Katie Hafner: In other words, unless we had come along, Dora Richardson's first hand account of how she synthesized tamoxifen would have remained at the bottom of a box that was shunted from one internal corporate archive to another in the north of England as ICI's pharmaceutical arm morphed into AstraZeneca. Julie James was as excited as we were.
Julie James: Sometimes we get these jobs where we have to dig quite a bit more and be a bit Sherlock Holmesian. Um, and it's been really interesting finding out more about Dora, about those times and, uh, the whole discovery piece.
Katie Hafner: As it turned out, Dora's paper had been lost accidentally because of a clerical error.
Julie James: Now this particular one, I will update the indexing because I think it's important that it says the history of Nolvadex because I think that would have shouted out from the, right from the word go.
Katie Hafner: Imagine an oversight in indexing, and poof, a person's life's work is filed in the wrong place and their contributions are lost and forgotten. The indexing for this paper didn't include the word history of Nolvadex, and now it's not considered proprietary or protected. In fact, we have a copy of it ourselves.

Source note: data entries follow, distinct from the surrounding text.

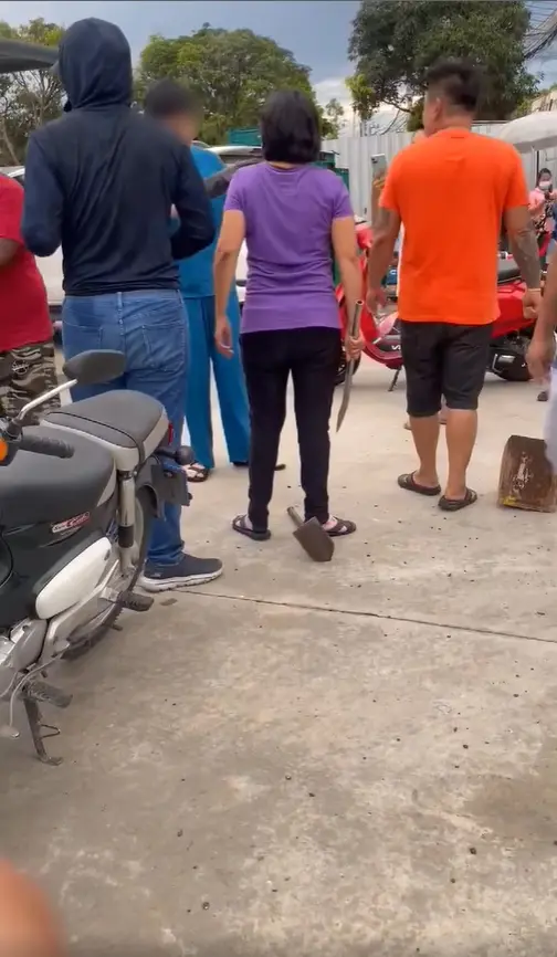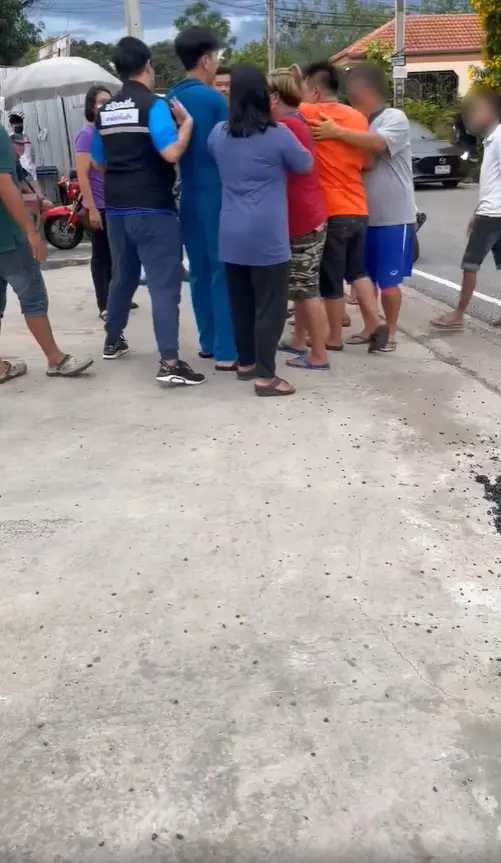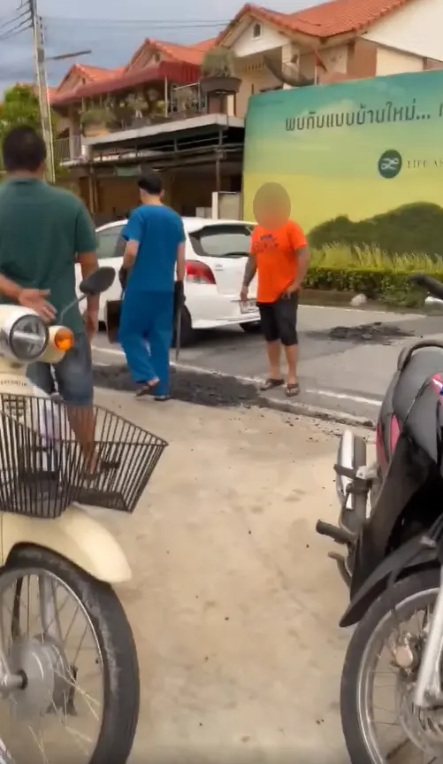 แต่ในกรณีนี้ เพจเฟซบุ๊ก ข่าวสารชลบุรี-ระยอง ได้มีการโพสต์คลิปเรื่องราวเหตุการณ์ทะเลาะวิวาทของคนที่อาศัยอยู่ในชุมชน กับคนที่อาศัยอยู่ในหมูบ้านที่สร้างใหม่ จากภาพจะเห็นได้ว่า มีชายรายหนึ่งใส่ชุดสีน้ำเงินกำลังยืนรือ ลูกระนาด ที่อยู่บนถนนทิ้ง โดยมีชายเสื้อส้มได้เข้ามาพยายามห้าม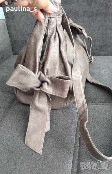 чанта от естествена кожа - телешки бокс. Цената е крайна 105,99лв / 53 евро. Кожата е дебела и здрава, мека и еластична. Моделът е за през тялото с голяма панделка в едната страна. Има две големи отделения, среден и вътрешен джобове с цип. Побира всичко необходимо. Бутикова селекция, за ценителки! Екранната снимка е от сайта, където е купена!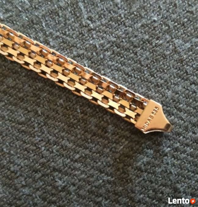 Złota bransoletka Midas próba 585 dług. 19cm szer. 4.8 mm waga 8.1gBrak możliwości kontaktu przez formularz z ogłoszeniodawcą, ponieważ to ogłoszenie jest archiwalne.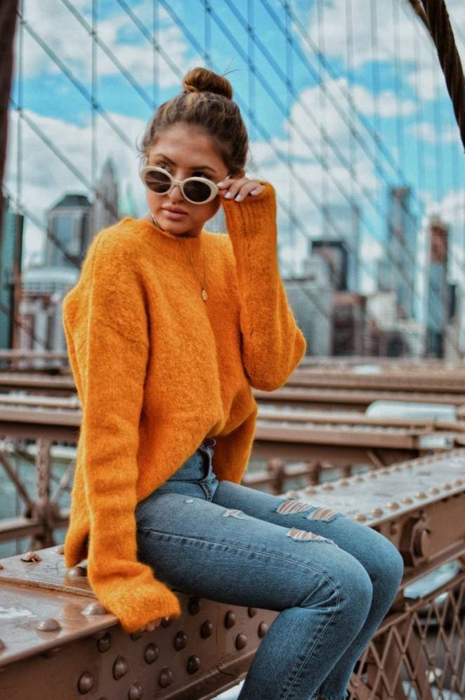 Ярко оранжевый свитер.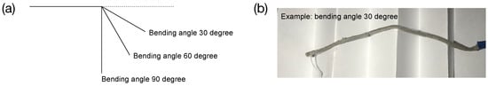 Sensor characterization with sharp static sensor bending: (a) the bending angle and its corresponding sensor position; and (b) a photo of the sensor with a bending angle of 30 during the experiment.

Julie James: This sort of information, the history, information within it, and how Dora went about things and the problems that she had, they're good for everyone to know, I think.
Katie Hafner: You can say that again. The paper is a treasure, and it helps us tell the rest of Dora's story. As Julie says, it's good for everyone to know. And thanks to her help. Our story continues.

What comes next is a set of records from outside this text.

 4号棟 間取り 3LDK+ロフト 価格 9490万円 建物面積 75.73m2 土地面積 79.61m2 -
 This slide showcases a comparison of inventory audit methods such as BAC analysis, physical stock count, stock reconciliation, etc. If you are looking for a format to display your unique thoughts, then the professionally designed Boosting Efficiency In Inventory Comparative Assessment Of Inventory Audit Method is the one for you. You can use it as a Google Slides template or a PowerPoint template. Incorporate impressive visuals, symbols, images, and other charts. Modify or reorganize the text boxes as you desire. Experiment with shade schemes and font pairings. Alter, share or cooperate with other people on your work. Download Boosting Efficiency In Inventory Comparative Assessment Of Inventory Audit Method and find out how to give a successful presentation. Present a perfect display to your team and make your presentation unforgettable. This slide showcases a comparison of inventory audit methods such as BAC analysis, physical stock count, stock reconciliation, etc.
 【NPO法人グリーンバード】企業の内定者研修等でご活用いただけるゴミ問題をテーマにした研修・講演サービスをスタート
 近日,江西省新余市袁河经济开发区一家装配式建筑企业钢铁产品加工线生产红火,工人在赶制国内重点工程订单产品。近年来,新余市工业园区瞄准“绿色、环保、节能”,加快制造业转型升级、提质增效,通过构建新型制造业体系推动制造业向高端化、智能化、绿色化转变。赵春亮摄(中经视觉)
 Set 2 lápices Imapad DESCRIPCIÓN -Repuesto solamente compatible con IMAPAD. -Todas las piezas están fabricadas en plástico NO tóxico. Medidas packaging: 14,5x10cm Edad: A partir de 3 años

In 1960, ICI started a new pharmaceutical division devoted to the study of fertility regulation. The era of making love, not war was underway, and women wanted control over their reproductive health.
That same year, the American pharmaceutical company Searle had launched the first oral contraceptive approved for, quote, “married women,” according to the regulations of the day. This gave rise to a headlong rush into the market. The good news for ICI, the company had been researching hormones for some time, not as a fertility regulator, but in relation to cancer.
By then, it was already widely known that some cancerous tumors responded to hormones, especially estrogen. ICI and other companies had been interested in hormone related medicine ever since the mid 1930s, and ICI had just the man for the job. To investigate both lines of inquiry, fertility and cancer. It was Dr. Arthur Walpole.
He'd been working on the impact of estrogen on cancer since he arrived at ICI in 1937, and he'd recently been put in charge of ICI's Fertility Division. Here's Viviane Quirke.
Viviane Quirke: He starts working on cancer, on the one hand, and on hormones on the other hand. Now, the two overlap because by then it's known that some cancers are hormone dependent, in particular breast cancer.
Katie Hafner: Dr. Walpole was looking for an anti-estrogen.
Michael Dukes: An antiestrogen, is basically a drug that blocks the action of estrogen.
Katie Hafner: That's Michael Dukes, a chemist turned reproductive endocrinologist who worked at ICI beginning in the mid 1960s.
Michael Dukes: It's a complex field, because as was known from very early days, estrogen controls a huge range of biological processes, which come together in terms of pregnancy, etc. And anti-estrogen is simply a substance that blocks those actions.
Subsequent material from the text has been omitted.